Im Ergebnis dessen kann demnach gesagt werden, dass das Initiativrecht für die Frage, ob der Urlaub verfällt, unter den vorgenannten Voraussetzungen beim Arbeitgeber liegt.

Verjährung von Urlaubsansprüchen

Zu beachten ist insoweit jedoch, dass Urlaubsansprüche auch der (Regel-) Verjährung unterliegen, welche jedoch nicht greifen soll, wenn der Arbeitgeber den oben genannten Aufklärungs- und Hinweispflichten nicht nachgekommen ist (BAG, Urteil vom 20.12.2023, Akz.: 9 AZR 266/20 unter Berücksichtigung der Rechtsprechung des Europäischen Gerichtshofs, Urteil vom 22.09.2022, Akz.: C-120/21).
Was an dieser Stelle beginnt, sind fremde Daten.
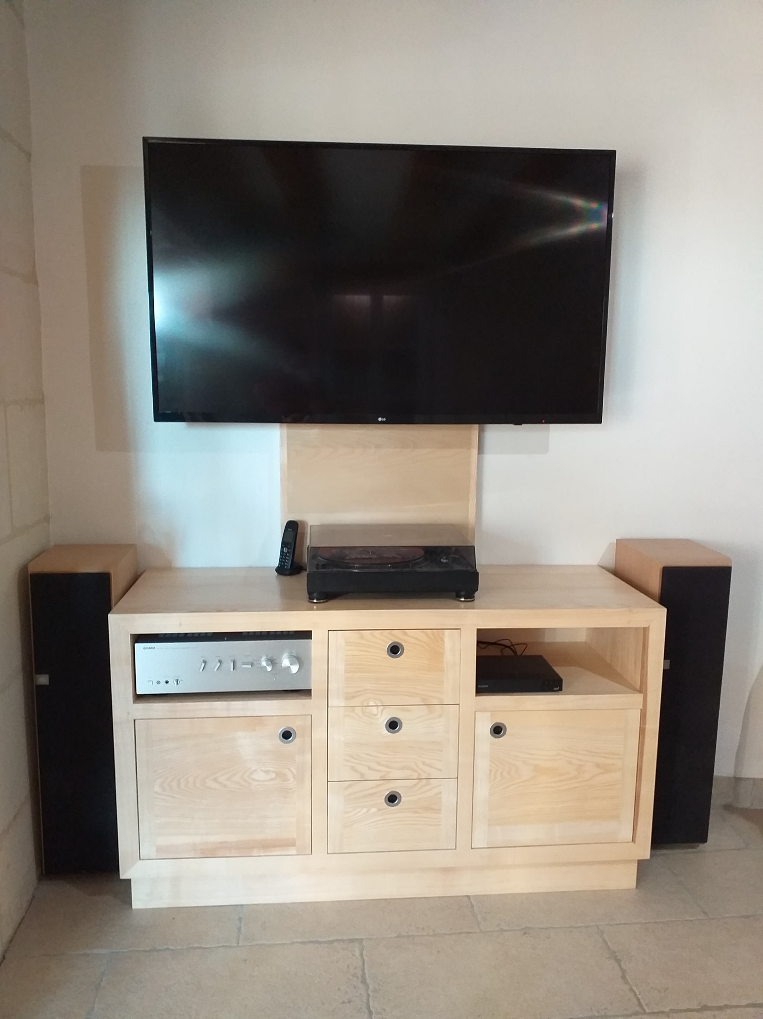 Fabrication d'un meuble TV/Hi-Fi en frêne massif.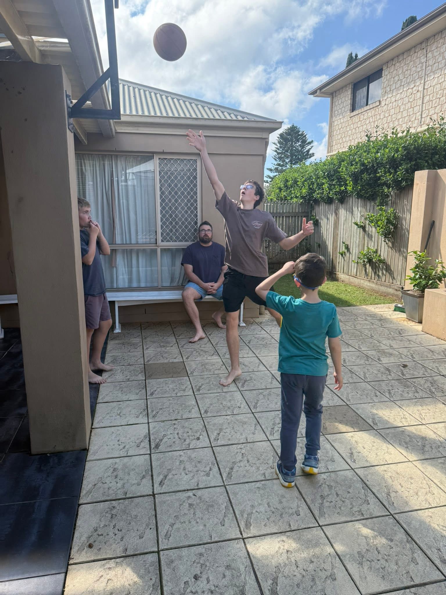 Early start on road to Woomby on Saturday to spend relaxing day with family. First up was to watch Ryan go through some basketball drills . I wore thongs to give him a chance . Organised chaos maybe best explains young kids all shooting at same time.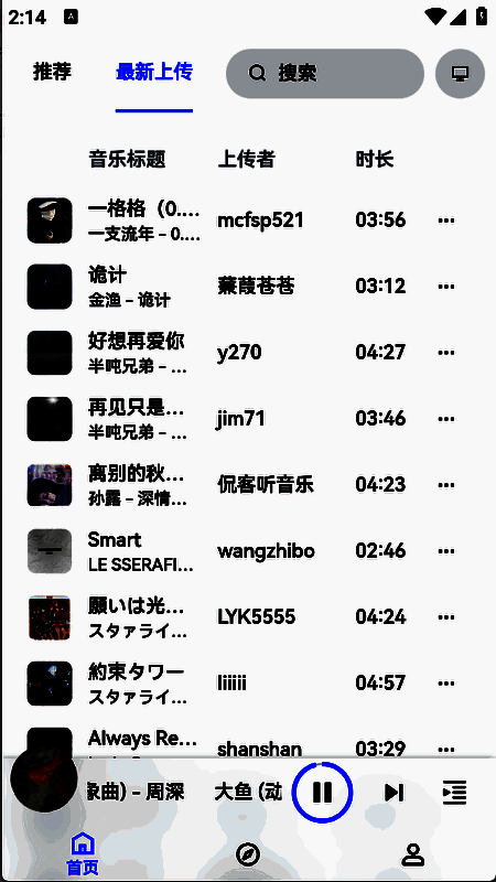4、界面简洁直观,各种各样的优质音乐呈现在你的眼前,点击就能够直接播放,没有任何的限制。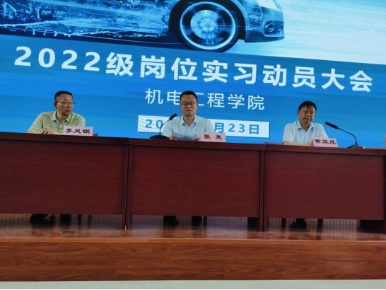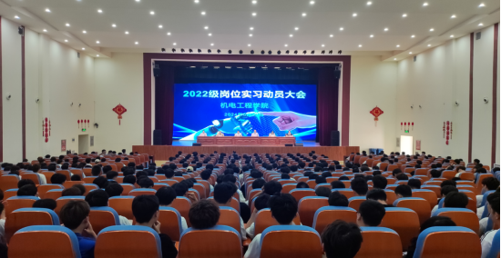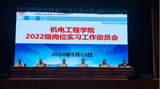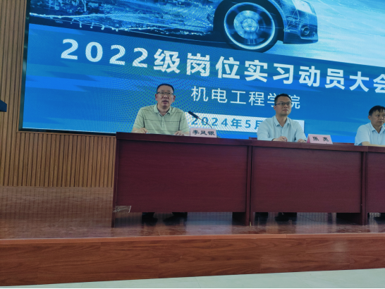 为加强2025级毕业生对岗位实习课程的认识,引导学生树立正确的实习观,2024年5月22日-23日,机电工程学院在分别在东西校区召开岗位实习动员大会,机电工程学院党总支书记张亮、院长黄双成、副书记耿丽敏、副院长李凤银、22级辅导员、顶岗实习教师以及全体2022级学生参加大会,会议由办公室主任张光锋主持。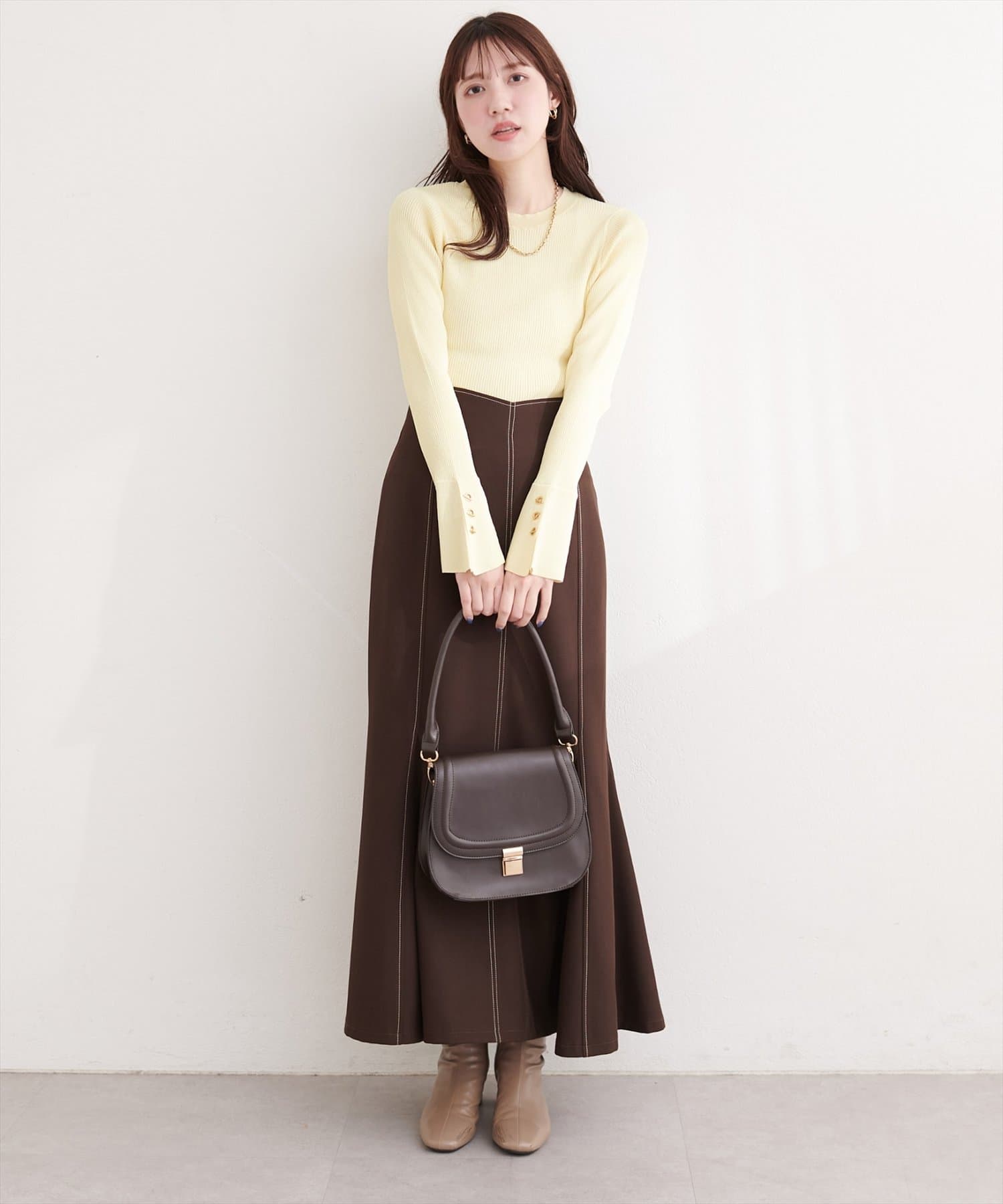 着回し力の高いシンプルなデザインなので、どんなボトムスとも相性抜群です。

Eine von den gesetzlichen Regelungen abweichende vertragliche Vereinbarung ist im Arbeitsvertrag, Tarifvertrag oder gar einer Betriebsvereinbarung möglich, jedoch nur unter Berücksichtigung der Regelungen in § 13 BUrlG (Bundesurlaubsgesetz), wonach bezüglich der Mindestdauer des Urlaubs und der Lohnfortzahlung während des Urlaubs keine abweichende Regelung zulasten des Arbeitnehmers getroffen werden kann, was im Streitfall durch einen Rechtsanwalt überprüft werden sollte.

Verjährung von Urlaubsabgeltungsansprüchen

Anders als die Verjährung von Urlaubsansprüchen verjähren die Urlaubsabgeltungsansprüche, also der Anspruch auf Abgeltung des Urlaubs in Geld (§ 7 Abs.4 BUrlG), in 3 Jahren nach dem Schluss des Kalenderjahres, in dem das Arbeitsverhältnis endet, auch wenn der Arbeitgeber seinen oben genannten (Hinweis-) Pflichten nicht nachgekommen ist (Pressemitteilung des Bundesarbeitsgerichts, Urteil vom 31. Januar 2023, Akz.: 9 AZR 456/20).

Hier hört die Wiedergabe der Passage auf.